**DIRECTIONS**
Filter the entries for the word "higher". Copy each line in which it occurs.

**DATA SUPPLIED**
^^^^^^^^
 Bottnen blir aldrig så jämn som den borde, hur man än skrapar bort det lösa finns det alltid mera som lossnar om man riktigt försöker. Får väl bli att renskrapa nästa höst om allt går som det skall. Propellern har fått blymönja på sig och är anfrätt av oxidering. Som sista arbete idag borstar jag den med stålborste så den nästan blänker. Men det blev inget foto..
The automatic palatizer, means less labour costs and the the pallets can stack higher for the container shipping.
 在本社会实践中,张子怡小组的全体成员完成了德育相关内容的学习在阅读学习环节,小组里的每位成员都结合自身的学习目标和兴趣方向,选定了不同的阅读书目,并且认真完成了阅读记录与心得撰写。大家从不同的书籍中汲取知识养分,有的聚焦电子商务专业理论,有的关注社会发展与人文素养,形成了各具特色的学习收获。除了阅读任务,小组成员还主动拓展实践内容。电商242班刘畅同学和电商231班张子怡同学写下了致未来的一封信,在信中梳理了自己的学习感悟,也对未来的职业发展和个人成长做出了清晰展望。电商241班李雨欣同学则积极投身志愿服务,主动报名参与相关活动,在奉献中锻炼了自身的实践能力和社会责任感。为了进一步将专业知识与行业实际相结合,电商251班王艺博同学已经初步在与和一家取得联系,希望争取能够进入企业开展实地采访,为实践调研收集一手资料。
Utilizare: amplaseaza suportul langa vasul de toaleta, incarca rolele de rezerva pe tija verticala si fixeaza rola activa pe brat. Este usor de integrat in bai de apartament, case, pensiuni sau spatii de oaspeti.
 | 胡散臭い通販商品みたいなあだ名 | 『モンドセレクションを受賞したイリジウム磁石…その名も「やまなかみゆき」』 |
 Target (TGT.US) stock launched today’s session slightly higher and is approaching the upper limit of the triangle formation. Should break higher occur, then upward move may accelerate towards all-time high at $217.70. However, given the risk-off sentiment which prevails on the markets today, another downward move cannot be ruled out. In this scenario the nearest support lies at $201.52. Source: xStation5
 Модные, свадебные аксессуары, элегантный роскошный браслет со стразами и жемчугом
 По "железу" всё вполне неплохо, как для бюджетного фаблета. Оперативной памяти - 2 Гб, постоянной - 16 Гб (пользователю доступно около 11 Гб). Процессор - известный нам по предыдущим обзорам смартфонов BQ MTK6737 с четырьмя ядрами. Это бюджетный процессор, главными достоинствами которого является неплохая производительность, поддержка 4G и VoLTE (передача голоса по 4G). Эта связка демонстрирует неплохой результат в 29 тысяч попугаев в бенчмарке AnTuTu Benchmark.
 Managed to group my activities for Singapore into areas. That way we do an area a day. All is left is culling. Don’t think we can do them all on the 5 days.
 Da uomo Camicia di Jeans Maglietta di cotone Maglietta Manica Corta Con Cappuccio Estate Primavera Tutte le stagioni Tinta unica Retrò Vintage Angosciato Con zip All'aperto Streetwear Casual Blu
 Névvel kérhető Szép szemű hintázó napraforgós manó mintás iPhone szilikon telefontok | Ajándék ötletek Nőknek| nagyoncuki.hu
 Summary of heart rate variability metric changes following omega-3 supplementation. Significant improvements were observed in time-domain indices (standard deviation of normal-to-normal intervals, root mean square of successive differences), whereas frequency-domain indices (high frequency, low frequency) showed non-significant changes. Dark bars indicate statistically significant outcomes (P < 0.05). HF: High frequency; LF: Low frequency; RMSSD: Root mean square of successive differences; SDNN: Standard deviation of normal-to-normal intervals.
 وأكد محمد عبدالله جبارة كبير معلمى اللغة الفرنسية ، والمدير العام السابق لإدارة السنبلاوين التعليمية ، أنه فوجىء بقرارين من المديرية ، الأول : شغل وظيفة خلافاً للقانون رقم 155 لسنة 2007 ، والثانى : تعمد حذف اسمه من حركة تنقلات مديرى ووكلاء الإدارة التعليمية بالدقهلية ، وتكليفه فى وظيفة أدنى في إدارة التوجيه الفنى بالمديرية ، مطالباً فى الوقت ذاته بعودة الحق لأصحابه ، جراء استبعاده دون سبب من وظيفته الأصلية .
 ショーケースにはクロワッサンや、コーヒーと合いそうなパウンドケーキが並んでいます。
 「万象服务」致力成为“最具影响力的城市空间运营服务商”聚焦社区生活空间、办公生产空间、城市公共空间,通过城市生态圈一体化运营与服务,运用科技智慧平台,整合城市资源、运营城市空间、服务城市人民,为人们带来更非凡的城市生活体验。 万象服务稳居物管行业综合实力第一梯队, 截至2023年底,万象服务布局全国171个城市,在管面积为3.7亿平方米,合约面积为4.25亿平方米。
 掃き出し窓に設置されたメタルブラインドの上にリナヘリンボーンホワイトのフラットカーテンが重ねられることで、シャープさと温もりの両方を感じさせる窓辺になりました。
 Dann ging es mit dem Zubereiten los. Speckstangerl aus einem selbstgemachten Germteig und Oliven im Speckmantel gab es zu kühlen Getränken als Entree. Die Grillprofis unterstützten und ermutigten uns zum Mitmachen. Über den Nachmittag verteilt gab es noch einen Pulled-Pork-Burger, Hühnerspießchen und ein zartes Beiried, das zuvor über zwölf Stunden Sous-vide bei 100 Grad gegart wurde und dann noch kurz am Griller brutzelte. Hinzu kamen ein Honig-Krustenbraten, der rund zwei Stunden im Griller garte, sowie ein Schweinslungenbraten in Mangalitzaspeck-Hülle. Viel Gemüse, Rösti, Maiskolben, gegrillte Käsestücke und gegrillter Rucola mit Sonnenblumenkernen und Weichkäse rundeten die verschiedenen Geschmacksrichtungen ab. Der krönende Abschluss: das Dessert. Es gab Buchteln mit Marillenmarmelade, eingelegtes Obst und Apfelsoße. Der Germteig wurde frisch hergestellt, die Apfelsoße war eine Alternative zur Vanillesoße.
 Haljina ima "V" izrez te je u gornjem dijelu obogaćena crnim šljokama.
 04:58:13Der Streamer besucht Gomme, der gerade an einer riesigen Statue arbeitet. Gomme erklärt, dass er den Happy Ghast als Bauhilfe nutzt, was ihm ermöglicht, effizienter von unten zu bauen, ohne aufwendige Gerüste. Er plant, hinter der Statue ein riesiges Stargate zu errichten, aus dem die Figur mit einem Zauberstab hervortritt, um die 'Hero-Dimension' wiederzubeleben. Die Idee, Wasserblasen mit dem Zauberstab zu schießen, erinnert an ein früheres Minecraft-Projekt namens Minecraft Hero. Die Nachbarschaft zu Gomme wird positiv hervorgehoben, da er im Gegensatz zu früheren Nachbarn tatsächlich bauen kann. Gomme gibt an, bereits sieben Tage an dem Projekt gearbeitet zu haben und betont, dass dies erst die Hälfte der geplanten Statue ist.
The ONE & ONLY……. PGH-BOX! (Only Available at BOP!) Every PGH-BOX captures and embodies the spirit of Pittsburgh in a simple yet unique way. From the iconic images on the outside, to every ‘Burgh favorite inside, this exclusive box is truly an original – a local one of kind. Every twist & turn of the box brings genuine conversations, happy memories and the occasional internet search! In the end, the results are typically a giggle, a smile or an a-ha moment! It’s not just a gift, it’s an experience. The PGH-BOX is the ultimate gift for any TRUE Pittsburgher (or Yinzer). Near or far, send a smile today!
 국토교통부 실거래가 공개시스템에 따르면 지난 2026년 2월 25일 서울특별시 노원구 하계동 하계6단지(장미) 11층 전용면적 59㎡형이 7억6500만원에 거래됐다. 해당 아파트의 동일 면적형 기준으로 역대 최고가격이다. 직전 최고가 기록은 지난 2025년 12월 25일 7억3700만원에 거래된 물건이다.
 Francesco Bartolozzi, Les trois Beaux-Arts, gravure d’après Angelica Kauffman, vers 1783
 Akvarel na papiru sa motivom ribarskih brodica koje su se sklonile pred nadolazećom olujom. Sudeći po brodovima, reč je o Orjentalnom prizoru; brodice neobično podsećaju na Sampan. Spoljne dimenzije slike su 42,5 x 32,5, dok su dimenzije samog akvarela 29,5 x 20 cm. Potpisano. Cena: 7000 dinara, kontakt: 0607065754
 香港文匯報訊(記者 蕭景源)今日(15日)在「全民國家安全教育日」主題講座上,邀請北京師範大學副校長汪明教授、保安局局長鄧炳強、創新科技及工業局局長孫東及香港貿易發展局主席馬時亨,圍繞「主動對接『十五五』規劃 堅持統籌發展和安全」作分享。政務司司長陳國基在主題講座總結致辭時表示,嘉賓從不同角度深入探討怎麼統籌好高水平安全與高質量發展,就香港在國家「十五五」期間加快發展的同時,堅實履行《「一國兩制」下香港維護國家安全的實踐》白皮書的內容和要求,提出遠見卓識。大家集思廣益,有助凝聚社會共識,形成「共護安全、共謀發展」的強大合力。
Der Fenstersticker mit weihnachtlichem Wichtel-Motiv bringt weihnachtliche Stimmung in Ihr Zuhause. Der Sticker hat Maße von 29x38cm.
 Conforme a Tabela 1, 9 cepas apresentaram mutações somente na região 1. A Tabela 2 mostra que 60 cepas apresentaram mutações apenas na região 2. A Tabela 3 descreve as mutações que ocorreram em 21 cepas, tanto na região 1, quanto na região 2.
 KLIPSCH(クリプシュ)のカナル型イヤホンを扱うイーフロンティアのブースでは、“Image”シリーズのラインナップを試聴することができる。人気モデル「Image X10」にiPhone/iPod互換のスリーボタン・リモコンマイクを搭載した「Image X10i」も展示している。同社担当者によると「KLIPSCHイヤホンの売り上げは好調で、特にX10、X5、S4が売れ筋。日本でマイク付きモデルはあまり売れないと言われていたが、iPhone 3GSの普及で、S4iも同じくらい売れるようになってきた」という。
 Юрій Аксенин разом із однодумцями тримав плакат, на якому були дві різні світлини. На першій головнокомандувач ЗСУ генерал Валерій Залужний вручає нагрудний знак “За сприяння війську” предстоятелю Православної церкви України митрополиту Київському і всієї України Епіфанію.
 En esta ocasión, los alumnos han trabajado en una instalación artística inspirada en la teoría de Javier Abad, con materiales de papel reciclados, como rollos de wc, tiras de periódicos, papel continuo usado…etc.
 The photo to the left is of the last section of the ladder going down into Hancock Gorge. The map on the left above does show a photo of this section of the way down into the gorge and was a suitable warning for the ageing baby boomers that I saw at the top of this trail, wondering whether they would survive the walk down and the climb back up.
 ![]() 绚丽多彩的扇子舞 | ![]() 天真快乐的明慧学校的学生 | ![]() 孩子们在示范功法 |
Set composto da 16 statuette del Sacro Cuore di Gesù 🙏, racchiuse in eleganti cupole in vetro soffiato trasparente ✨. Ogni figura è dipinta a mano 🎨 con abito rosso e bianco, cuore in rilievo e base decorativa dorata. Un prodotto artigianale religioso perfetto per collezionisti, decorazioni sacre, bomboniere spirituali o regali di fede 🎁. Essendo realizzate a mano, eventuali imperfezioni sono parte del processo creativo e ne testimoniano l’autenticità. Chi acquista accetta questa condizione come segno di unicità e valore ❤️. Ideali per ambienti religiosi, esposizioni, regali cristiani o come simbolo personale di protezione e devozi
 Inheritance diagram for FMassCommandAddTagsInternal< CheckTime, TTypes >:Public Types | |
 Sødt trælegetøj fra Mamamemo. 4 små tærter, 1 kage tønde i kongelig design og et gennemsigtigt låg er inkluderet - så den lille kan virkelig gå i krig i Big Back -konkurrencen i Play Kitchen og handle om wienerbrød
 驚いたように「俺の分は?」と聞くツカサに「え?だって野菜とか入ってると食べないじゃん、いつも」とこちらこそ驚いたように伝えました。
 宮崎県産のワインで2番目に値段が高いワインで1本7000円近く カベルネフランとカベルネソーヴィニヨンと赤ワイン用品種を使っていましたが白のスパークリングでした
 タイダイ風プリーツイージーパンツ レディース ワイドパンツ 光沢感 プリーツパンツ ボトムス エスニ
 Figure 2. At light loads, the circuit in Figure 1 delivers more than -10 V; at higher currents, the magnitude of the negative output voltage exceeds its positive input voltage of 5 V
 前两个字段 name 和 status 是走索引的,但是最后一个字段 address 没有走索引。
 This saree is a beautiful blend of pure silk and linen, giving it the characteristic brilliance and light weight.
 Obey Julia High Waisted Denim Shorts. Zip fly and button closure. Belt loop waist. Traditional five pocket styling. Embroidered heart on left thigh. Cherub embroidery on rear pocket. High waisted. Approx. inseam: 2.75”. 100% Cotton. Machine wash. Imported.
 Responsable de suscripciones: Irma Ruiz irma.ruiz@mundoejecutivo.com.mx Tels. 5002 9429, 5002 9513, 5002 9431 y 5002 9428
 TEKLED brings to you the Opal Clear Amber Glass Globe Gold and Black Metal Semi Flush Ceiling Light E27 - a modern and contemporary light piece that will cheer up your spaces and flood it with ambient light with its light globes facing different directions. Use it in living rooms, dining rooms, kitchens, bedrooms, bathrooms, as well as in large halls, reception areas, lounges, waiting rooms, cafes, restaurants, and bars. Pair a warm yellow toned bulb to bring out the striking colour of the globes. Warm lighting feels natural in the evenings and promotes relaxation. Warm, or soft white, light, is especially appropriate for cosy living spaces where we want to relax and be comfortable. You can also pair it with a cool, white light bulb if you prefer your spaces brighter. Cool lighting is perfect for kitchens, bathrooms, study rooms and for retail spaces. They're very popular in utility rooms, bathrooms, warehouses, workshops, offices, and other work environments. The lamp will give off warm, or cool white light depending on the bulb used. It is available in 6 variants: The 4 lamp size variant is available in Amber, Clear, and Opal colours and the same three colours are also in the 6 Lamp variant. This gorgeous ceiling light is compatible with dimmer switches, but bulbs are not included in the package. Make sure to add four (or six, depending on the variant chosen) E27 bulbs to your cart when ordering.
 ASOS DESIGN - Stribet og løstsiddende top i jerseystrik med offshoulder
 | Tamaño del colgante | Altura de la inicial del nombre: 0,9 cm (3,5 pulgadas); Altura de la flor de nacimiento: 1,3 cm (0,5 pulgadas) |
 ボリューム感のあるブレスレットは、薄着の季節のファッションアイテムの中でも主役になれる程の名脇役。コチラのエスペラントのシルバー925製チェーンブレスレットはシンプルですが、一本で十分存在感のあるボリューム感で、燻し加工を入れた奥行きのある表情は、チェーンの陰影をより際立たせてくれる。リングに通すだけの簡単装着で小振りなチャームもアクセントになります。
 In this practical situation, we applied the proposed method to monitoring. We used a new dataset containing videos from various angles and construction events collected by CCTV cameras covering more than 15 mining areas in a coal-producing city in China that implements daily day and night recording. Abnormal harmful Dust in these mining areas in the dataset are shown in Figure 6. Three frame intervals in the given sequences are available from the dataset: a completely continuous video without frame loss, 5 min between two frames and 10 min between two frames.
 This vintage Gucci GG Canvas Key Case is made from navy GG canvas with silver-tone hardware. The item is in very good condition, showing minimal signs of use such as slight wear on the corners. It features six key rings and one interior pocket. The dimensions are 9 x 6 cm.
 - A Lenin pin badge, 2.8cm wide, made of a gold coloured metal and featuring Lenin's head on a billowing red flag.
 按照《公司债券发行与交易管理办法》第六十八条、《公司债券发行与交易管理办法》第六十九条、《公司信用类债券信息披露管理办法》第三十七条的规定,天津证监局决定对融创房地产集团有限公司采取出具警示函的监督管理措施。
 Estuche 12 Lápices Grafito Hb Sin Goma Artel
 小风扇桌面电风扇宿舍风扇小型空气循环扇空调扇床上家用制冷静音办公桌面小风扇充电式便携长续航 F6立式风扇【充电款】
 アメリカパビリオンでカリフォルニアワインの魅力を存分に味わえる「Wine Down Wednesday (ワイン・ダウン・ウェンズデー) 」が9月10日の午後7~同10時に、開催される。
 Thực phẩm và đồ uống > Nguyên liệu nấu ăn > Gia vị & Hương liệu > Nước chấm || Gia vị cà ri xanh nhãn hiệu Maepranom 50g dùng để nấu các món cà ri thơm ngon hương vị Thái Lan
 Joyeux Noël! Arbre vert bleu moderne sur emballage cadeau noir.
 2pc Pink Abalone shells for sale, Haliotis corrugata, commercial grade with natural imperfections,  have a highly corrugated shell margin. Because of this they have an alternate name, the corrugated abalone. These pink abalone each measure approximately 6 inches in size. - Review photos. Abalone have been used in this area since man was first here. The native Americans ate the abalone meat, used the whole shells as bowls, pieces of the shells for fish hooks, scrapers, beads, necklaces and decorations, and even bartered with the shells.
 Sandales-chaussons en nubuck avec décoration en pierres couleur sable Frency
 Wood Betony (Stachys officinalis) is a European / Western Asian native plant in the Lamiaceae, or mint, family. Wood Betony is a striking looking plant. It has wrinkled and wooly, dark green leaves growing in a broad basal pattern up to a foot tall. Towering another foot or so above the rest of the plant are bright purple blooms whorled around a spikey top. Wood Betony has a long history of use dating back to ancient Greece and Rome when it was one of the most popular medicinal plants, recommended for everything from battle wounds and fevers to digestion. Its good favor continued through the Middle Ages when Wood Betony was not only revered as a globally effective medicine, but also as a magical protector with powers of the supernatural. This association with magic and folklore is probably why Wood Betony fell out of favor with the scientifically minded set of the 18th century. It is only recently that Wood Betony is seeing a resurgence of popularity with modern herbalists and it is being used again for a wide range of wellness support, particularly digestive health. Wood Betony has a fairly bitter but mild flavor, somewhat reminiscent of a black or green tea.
^^^^^^^^
**SOLUTION FOR THIS EXERCISE**
The automatic palatizer, means less labour costs and the the pallets can stack higher for the container shipping.
 Target (TGT.US) stock launched today’s session slightly higher and is approaching the upper limit of the triangle formation. Should break higher occur, then upward move may accelerate towards all-time high at $217.70. However, given the risk-off sentiment which prevails on the markets today, another downward move cannot be ruled out. In this scenario the nearest support lies at $201.52. Source: xStation5
 Figure 2. At light loads, the circuit in Figure 1 delivers more than -10 V; at higher currents, the magnitude of the negative output voltage exceeds its positive input voltage of 5 V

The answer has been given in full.